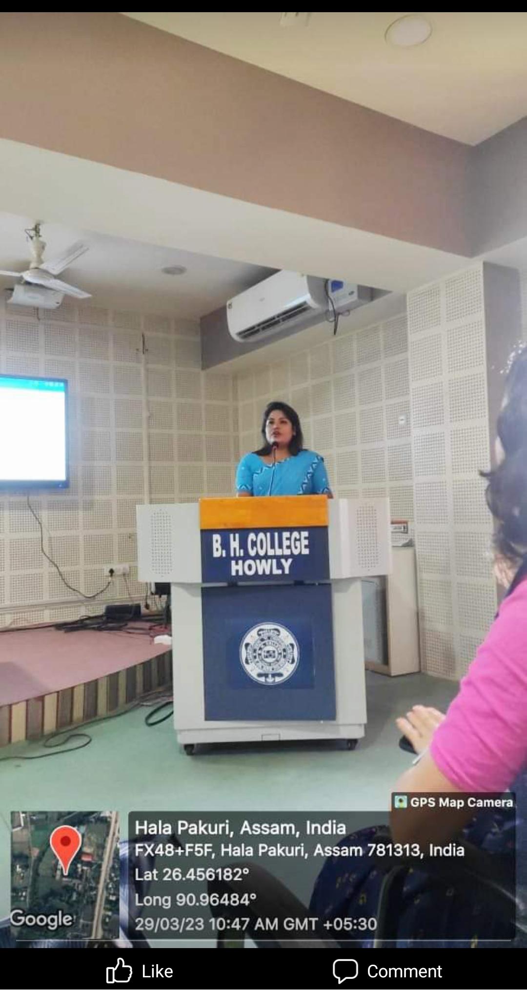 Description: The Department of Sanskrit was conducted an Extempore speech Programme on 29/03/2023 at Seminar Hall of B.H. College. On that pragramme the participation of the students of all semesters are a satisfactory one. They delivered their speech on some specific topics related to the field of Sanskrit literature. Mr. Nayanmoni Hazarika, head of the department of History, was also present as a special guest in that event and encourages the students.
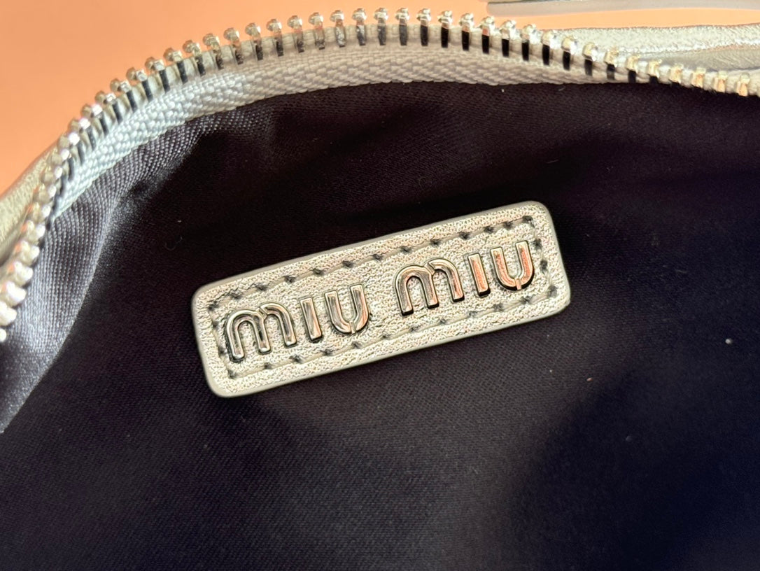 miuwander hobo 23 silver metalic matelasse leather
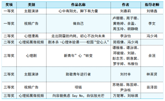 近日,广东省教育厅公布了2023年“5·25”大学生心理健康月系列活动评选结果,德赢师生作品获一等奖2项,二等奖2项,三等奖4项。
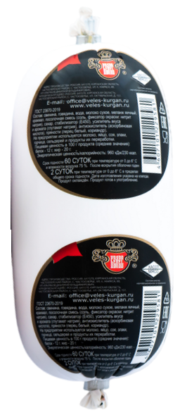 Свинина, говядина, вода питьевая, молоко сухое обезжиренное, меланж яичный сухой, соль поваренная пищевая, соль пищевая выварочная нитритная (соль пищевая, агенты антислеживающие Е535, Е500, фиксатор окраски Е250), регуляторы кислотности Е451, Е450, сахар белый, перец черный молотый, антиокислитель Е300, орех мускатный, перец душистый молотый. Продукт может содержать следы горчицы, злаков, содержащих глютен, кунжута, сельдерея, сои и продуктов их переработки.

━━━━━━━━

Instructions to follow —
Reproduce the listing exactly, images omitted.

Output of the task —
 Description: The Department of Sanskrit was conducted an Extempore speech Programme on 29/03/2023 at Seminar Hall of B.H. College. On that pragramme the participation of the students of all semesters are a satisfactory one. They delivered their speech on some specific topics related to the field of Sanskrit literature. Mr. Nayanmoni Hazarika, head of the department of History, was also present as a special guest in that event and encourages the students.
 miuwander hobo 23 silver metalic matelasse leather
 近日,广东省教育厅公布了2023年“5·25”大学生心理健康月系列活动评选结果,德赢师生作品获一等奖2项,二等奖2项,三等奖4项。
 Свинина, говядина, вода питьевая, молоко сухое обезжиренное, меланж яичный сухой, соль поваренная пищевая, соль пищевая выварочная нитритная (соль пищевая, агенты антислеживающие Е535, Е500, фиксатор окраски Е250), регуляторы кислотности Е451, Е450, сахар белый, перец черный молотый, антиокислитель Е300, орех мускатный, перец душистый молотый. Продукт может содержать следы горчицы, злаков, содержащих глютен, кунжута, сельдерея, сои и продуктов их переработки.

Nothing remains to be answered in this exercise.